Authentication

Note

This page is about basic administration of the authentication component in Software Factory. For more information on how to manage users and authorizations, see the user management documentation

Software Factory’s IAM is handled by the Keycloak component. Keycloak also provides single sign-on on Software Factory’s authenticated services via the OpenID Connect protocol.

Keycloak replaces the Cauth component in Software Factory 3.8 and above.

This page focuses on the specificities of how Keycloak is deployed in Software Factory.

For more details on how to actually manage the service as an administrator, Keycloak’s full documentation can be found here.
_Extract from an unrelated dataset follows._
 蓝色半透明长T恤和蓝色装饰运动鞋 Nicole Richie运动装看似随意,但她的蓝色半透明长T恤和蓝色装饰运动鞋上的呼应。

It is recommended to at least get familiar with common operations like handling users, handling social login providers and managing groups and roles.

Features

  • Single Sign-on out of the box with Gerrit, Zuul, Opensearch Dashboards and Grafana when deploying these services in Software Factory
  • Social login - Enable login with Github, Facebook, and many other services
  • User Federation - Sync users from LDAP or Active Directory servers
  • Two-factor authentication support
  • Roles management for Zuul, Opensearch Dashboards and Grafana
  • Events (Login, etc) are broadcast on the firehose (MQTT) under the secured topic “keycloak”
  • Github users’ public SSH keys are automatically imported from Github and provisioned into Gerrit

Using the CLI

Everything in Keycloak can be done through its web UI. Keycloak’s container also comes with a CLI utility.
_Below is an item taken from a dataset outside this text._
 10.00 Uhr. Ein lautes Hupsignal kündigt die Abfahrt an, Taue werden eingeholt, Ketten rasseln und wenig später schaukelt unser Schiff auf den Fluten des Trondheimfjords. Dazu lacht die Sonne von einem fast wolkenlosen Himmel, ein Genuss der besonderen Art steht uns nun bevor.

Assuming you are on a shell on the host running the Keycloak container (you can check this by running podman ps and look for the keycloak container), you can use the CLI by running as root:

podman exec -ti keycloak /opt/keycloak/bin/kcadm.sh

Please refer to the CLI’s documentation to authenticate and run commands with it.

Using the web UI

The admin web UI can be reached at https://<FQDN>/auth/ . Note that this URL is “hidden”, ie not visible from Software Factory’s welcome page. Authenticate on the admin page with the admin credentials, then select the “SF” realm. From there you can manage users and roles.

Migrating from cauth

Changes

If you are upgrading to Software Factory 3.8 from a previous version using Cauth for authentication, you will notice some changes:

  • Local users (ie created with sfmanager) must be imported manually into keycloak (see procedure and details below)
  • Automated logging in on services is disabled: prior to version 3.8, if for example you were authenticated on Software Factory’s landing page then browsed to Gerrit, you would be automatically authenticated on Gerrit. Starting from version 3.8, you need to click on each service’s login button to get authenticated. As is expected of Single Sign-On however, if you authenticated once you won’t have to re-enter your credentials for the duration of your session.
  • Software Factory’s User settings page is no longer available, and replaced by Keycloak’s User account page.
  • Social login and User Federation must be configured in Keycloak. All configuration fields related to external authentication in sfconfig.yaml are ignored as of version 3.8, except for github authentication. It will however likely be removed in a future version of Software Factory, meaning all external identity providers will have to be managed through Keycloak.

Regarding github-based authentication specifically:

  • To enable SSH key synchronization between github and Gerrit for users authenticating via github, you must enable the `firehose` service in your deployment architecture.
  • You must reconfigure the callback URL in your GitHub OAuth application settings page to this new value: https://<FQDN>/auth/realms/SF/broker/github/endpoint

Regarding service-specific changes:

  • Gerrit API keys for users are now managed in Gerrit rather than Software Factory’s User Settings page. Existing API keys are not valid anymore.
  • Kibana, OpenSearch dashboards no longer use a default read-only user; users can authenticate normally to use the services.

Importing local users

Warning

Only do this if you created users on Software Factory with sfmanager!

As root on the install-server node, run:

/usr/share/sf-config/scripts/sfusers_to_keycloak.sh

This script will dump existing local users from the mariadb database and create them in Keycloak. Note that the database only holds hashes of the users’ passwords, so these cannot be retrieved. A verification email will be sent to the users so that they can reset their passwords.

Backup and Restore

Keycloak uses the mariadb backend to store its configuration, users, groups and roles. Backups and restorations are therefore handled via the mariadb backup/restore process.